Getting the right answer isn’t enough because there are too many little details that go into actually acting on a decision to try to use someone else’s plan. This is the same reason why managers delegate decision making to the person responsible for delivering the result of the decision and why intervening in those decisions should be done only when you’re certain the decision is catastrophically bad.
Advice that works: clarifying your own thinking #
Fortunately, there is one type of advice that works: advice that clarifies your own thinking.
The way to get this kind of advice is to ask people to listen to your thought process and provide feedback. What you want from them is just 3 things:
- Get them to describe what they think you’re asking in their own words (“so it sounds like the problem you’re trying to solve is….”)
- Challenge or validate “core” assumptions you’re making (“are you sure X isn’t an option?”)
- Explain how they think about the problem (“the first thing that I would think about is……”)
This keeps you squarely in a world you fully understand rather than attempting to transport your advisor into that world so you can get a recommendation.

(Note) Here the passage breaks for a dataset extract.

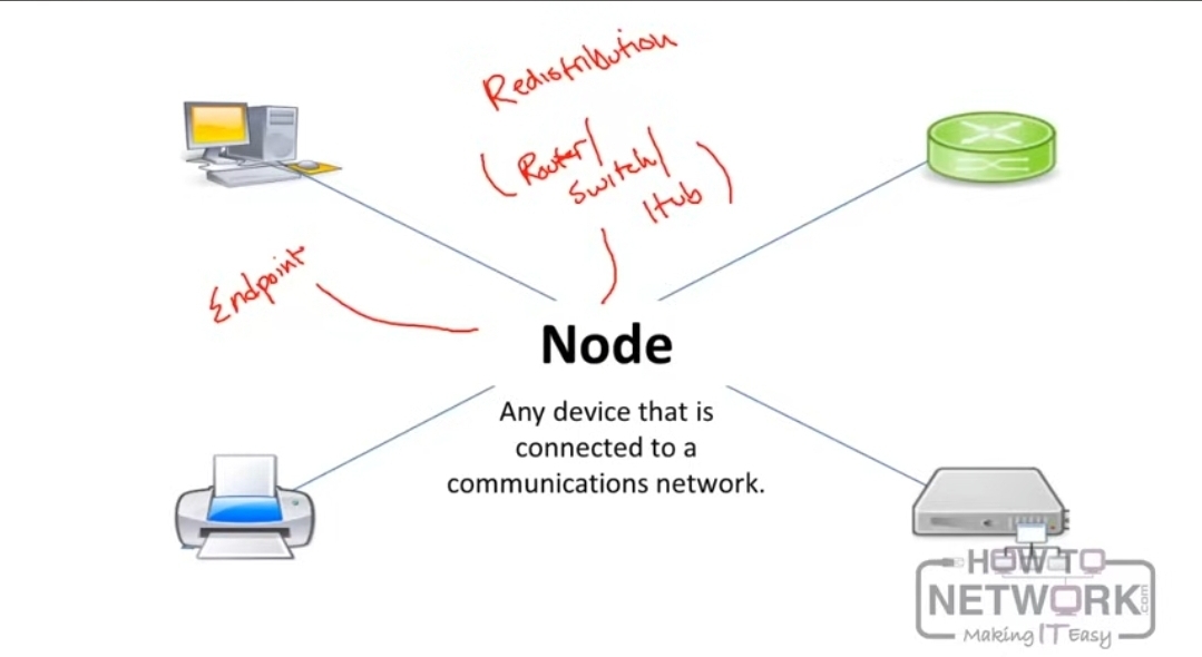 Endpoint node - It’s where the data terminates at. ( eg printer, monitor etc)

Challenging and validating your core assumptions allows your advisor to make sure the basic building blocks of your thinking are right without giving you a direct answer on what to do.

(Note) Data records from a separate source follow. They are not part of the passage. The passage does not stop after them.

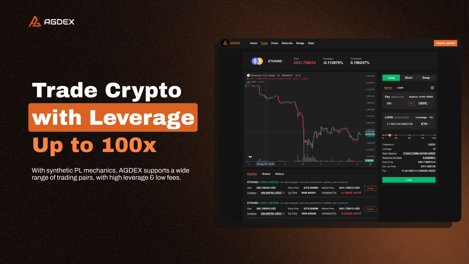 AGDEX is a pioneering on-chain derivatives & swap protocol. It provides traders with zero slippage and high leverage trading services utilizing a synthetic architecture to improve capital efficiency.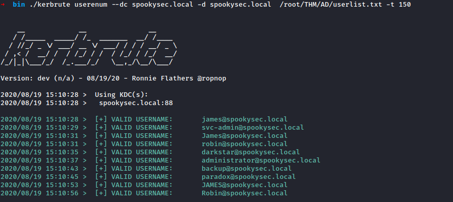 So I ran kerbrute to get potential real users in order to proceed to the next steps.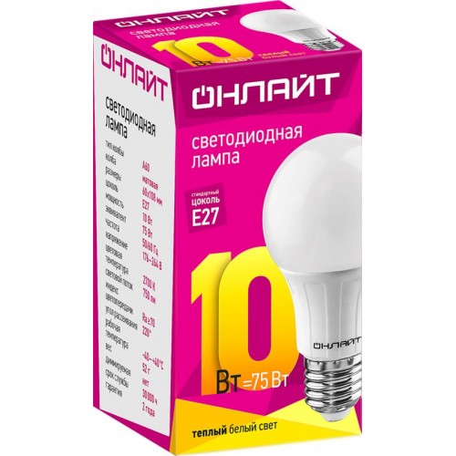 Лампа светодиодная ОНЛАЙТ 10Вт E27, теплый свет, груша Арт. 71649 в магазинах Лента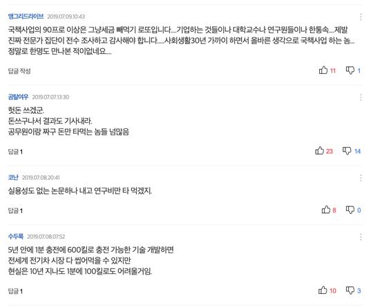 일단 정부의 돈이 헛되게 쓰인다는 비판이 있네요. ‘1600억 투자로 것도 7년 안에? 어째 허황된 꿈같은 소리로 들리지?’, ‘다 업체 정해져 있는 과제구먼. 그냥 나누어 먹기 미안해서 과제 이름도 정하고 대단해 보여’, ‘헛돈 쓰겠군. 돈 쓰고 나서 결과도 기사로 내라’…

You may end up with an alternative way of thinking about the problem that is radically different from what you came in with and that’s totally fine! A brand new way of looking at a problem works because it allows you time and space to figure out how it fits into what you already know. A concrete suggestion will always lack this context.

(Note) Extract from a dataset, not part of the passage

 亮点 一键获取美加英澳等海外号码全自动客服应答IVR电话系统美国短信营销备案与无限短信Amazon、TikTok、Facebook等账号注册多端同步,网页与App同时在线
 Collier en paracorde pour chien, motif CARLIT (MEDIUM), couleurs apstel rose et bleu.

The downside to this is that you’ll end up ignoring a lot of good advice the first time you could have applied it. You’ll get a lot of real or imagined “I told you so"s from advisors and friends when you realize later their advice was good. This happens to me almost every day. Don’t worry about this! The process of realizing the advice was good is a process of understanding that will pay off in the future because now you have a strategy going forward you can actually use. It’s easy to look back and think "damn, should have taken that advice”, but it’s not true.